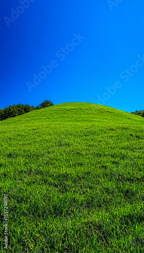Naklejka premium Lush green grassy hill under a bright blue sky
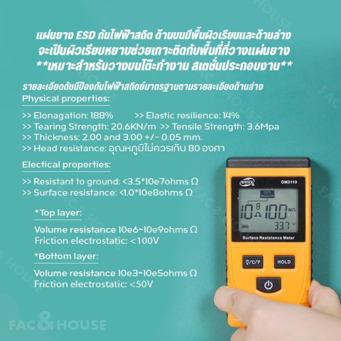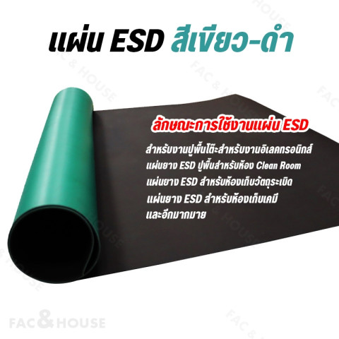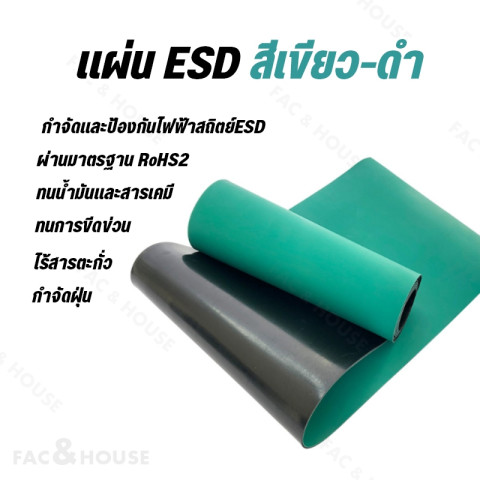 แผ่นยาง ESD สำหรับงานอิเล็กทรอนิกส์ ช่วยลด/ป้องกันไฟฟ้าสถิตที่อาจทำให้อุปกรณ์เสียหาย เหมาะสำหรับปูโต๊ะซ่อมอุปกรณ์ โต๊ะคอมพิวเตอร์/CPU หรือพื้นที่ทำงานที่ต้องการความปลอดภัยด้านไฟฟ้าสถิต ใช้งานได้จริงในโรงงาน ห้องแล็บ และงาน DIY
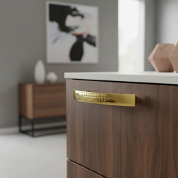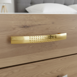 Úchytka VELLEN v lesklém zlatém provedení dodá vašemu nábytku nádech luxusu a exkluzivity. Její jemně prohnutý tvar v kombinaci s dekorativní strukturou drobných teček vytváří výrazný, ale stále elegantní designový prvek vhodný do moderních i glamour interiérů.
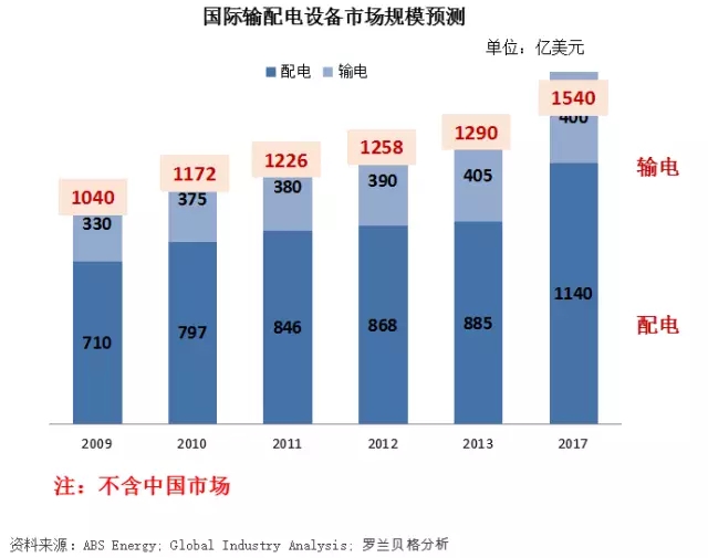 全球輸配電市場規(guī)模——國際輸配電設(shè)備市場至2017年將維持約5%的增長,輸電設(shè)備市場增長緩慢,而配電設(shè)備市場增長較快。
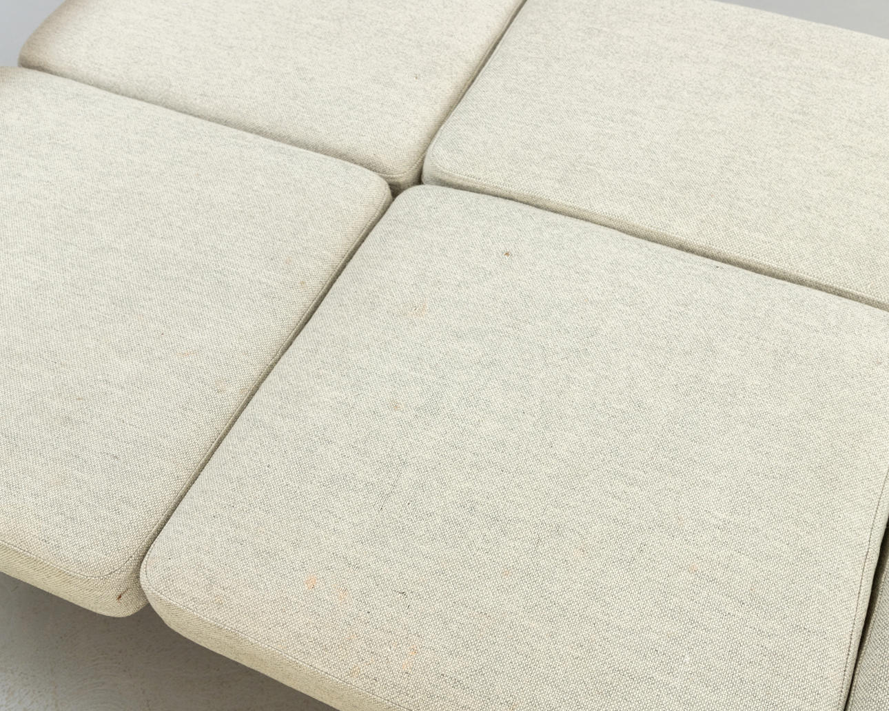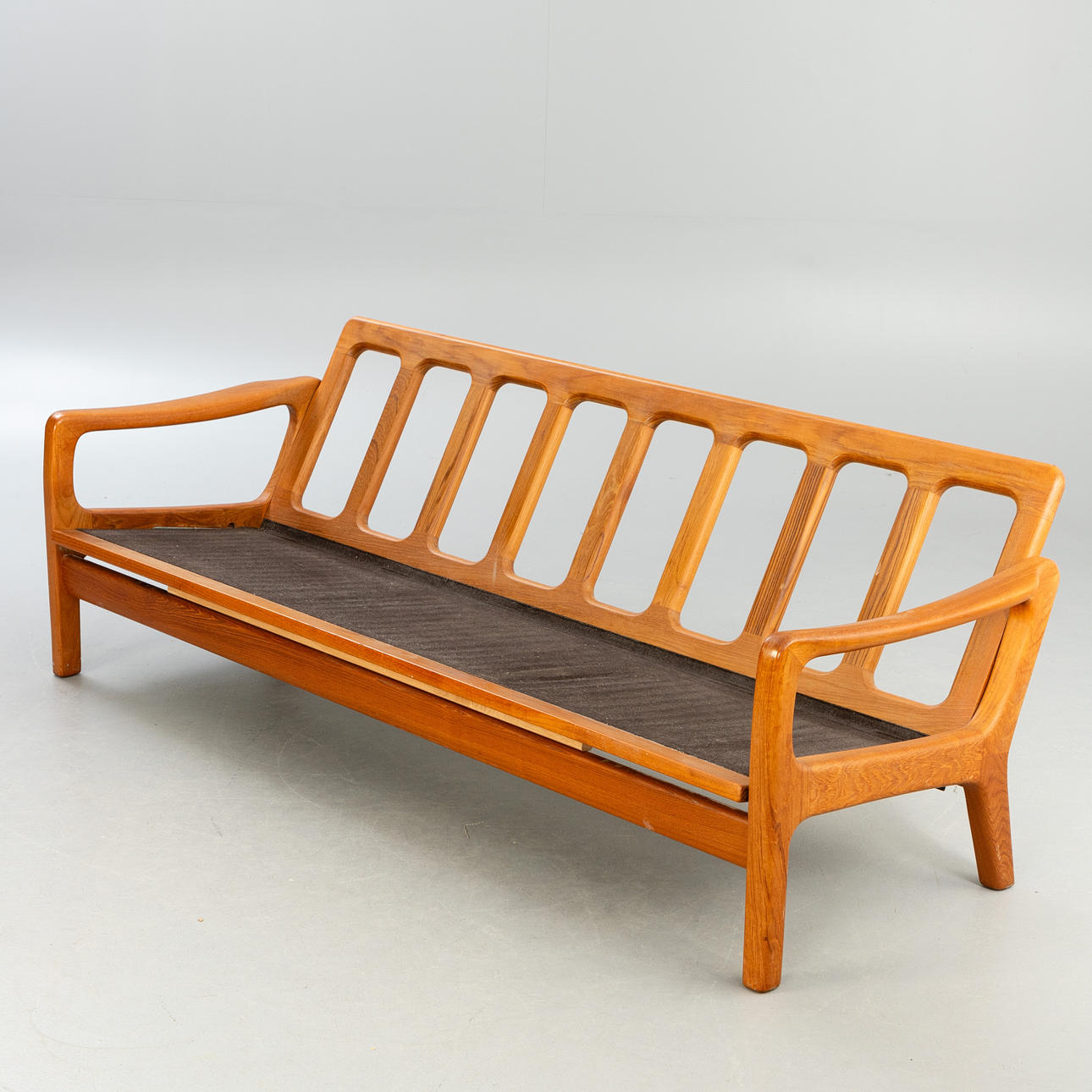 Teca maciza. Cojines holgados cubiertos con tela de lana de color gris claro. Marcado con sello.
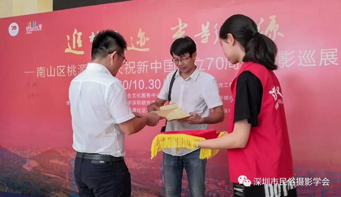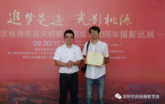 深圳市民俗摄影学会会员欧岳琦的摄影作品《阳光初照桃源美》获得大赛的一等奖。欧岳琦作为获奖摄影师代表,南山区委常委、宣传部长廖子彬为其进行颁奖。
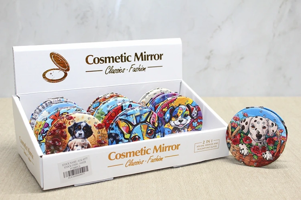 Sevimli Köpek Tasarımlı Taşlı İnce El Aynası Yuvarlak
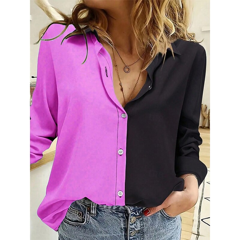 More information about Women's Shirt Button Down Tunic Shirt Collar Long Sleeve Solid Color Vintage Stylish Casual Regular Tops Work Daily s Print Pink Red Blue Purple Green Spring Fall Winter
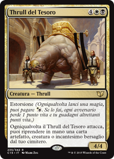 | Rules | Extort (Whenever you cast a spell, you may pay . If you do, each opponent loses 1 life and you gain that much life.) Whenever Treasury Thrull attacks, you may return target artifact, creature, or enchantment card from your graveyard to your hand. |
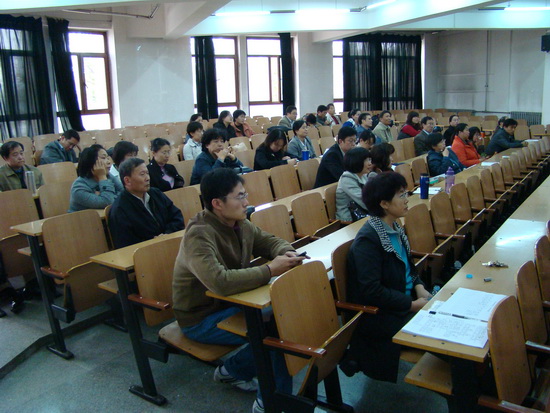 于教授以《坚守育人为本理念 提高课堂教学效果》为题发表了演讲,并播放了精心制作的PPT演示文稿。讲演分为三个部分,分别是“认识到位”、“调整心态”与“从我做起”。
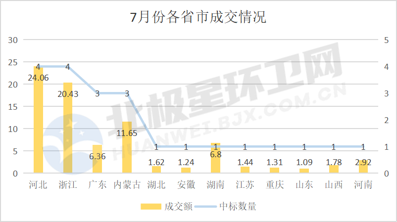 眾所周知,河北、浙江、廣東地區(qū)環(huán)衛(wèi)市場一直相當火熱,7月也不例外,河北、浙江省均成交4個項目,成交額分別是24.06億元、20.43億元,榮獲冠、亞軍。

━━━━

Retype, word for word, only the lines from the line with "全球輸配電市場規(guī)模" to the final line of the listing above; the pictures do not belong in the copy.

 全球輸配電市場規(guī)模——國際輸配電設(shè)備市場至2017年將維持約5%的增長,輸電設(shè)備市場增長緩慢,而配電設(shè)備市場增長較快。
 Teca maciza. Cojines holgados cubiertos con tela de lana de color gris claro. Marcado con sello.
 深圳市民俗摄影学会会员欧岳琦的摄影作品《阳光初照桃源美》获得大赛的一等奖。欧岳琦作为获奖摄影师代表,南山区委常委、宣传部长廖子彬为其进行颁奖。
 Sevimli Köpek Tasarımlı Taşlı İnce El Aynası Yuvarlak
 More information about Women's Shirt Button Down Tunic Shirt Collar Long Sleeve Solid Color Vintage Stylish Casual Regular Tops Work Daily s Print Pink Red Blue Purple Green Spring Fall Winter
 | Rules | Extort (Whenever you cast a spell, you may pay . If you do, each opponent loses 1 life and you gain that much life.) Whenever Treasury Thrull attacks, you may return target artifact, creature, or enchantment card from your graveyard to your hand. |
 于教授以《坚守育人为本理念 提高课堂教学效果》为题发表了演讲,并播放了精心制作的PPT演示文稿。讲演分为三个部分,分别是“认识到位”、“调整心态”与“从我做起”。
 眾所周知,河北、浙江、廣東地區(qū)環(huán)衛(wèi)市場一直相當火熱,7月也不例外,河北、浙江省均成交4個項目,成交額分別是24.06億元、20.43億元,榮獲冠、亞軍。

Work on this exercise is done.